-1

add_dist.write.format("csv").option("sep",",").mode("overwrite").save("C:\BigData\projects\datalake\address_op") i am trying to write into the folder in csv format using pyspark.

Dataframe has 25 total records and it is creating 25 part00000-part00024 partitions in the folder after writing.... what do i do to get all in single file(partition)

  • Use `repartition` as `add_dist.repartition(1).write.format("csv").option("sep",",").mode("overwrite").save` – Azhar Khan Sep 11 '22 at 12:21

1 Answers1

0

It's more efficient to use coalesce instead of repartition in this case.

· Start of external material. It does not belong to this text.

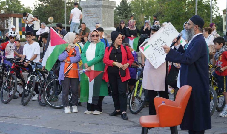 Konuşmanın ardından Filistin’e destek amacıyla bisiklet konvoyu oluşturuldu. Vatandaşlar da ellerinde Filistin bayrakları ve pankartlarla sloganlar atarak yürüyüş yaptı.
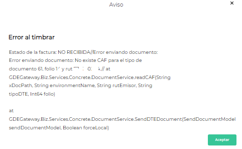 Al querer obtener cae de una factura de venta o una nota de crédito se emite el siguiente mensaje:

Here is a function that might help. With this function, you can also define the file name:

def export_csv(df, fileName, filePath):
  
  filePathDestTemp = filePath + ".dir/" 

  df\
    .coalesce(1)\
    .write\
    .save(filePathDestTemp) 

  listFiles = dbutils.fs.ls(filePathDestTemp)
  for subFiles in listFiles:
    if subFiles.name[-4:] == ".csv":
      
      dbutils.fs.cp (filePathDestTemp + subFiles.name,  filePath + fileName+ '.csv')

  dbutils.fs.rm(filePathDestTemp, recurse=True)
Luiz Viola
  • 2,143
  • 1
  • 11
  • 30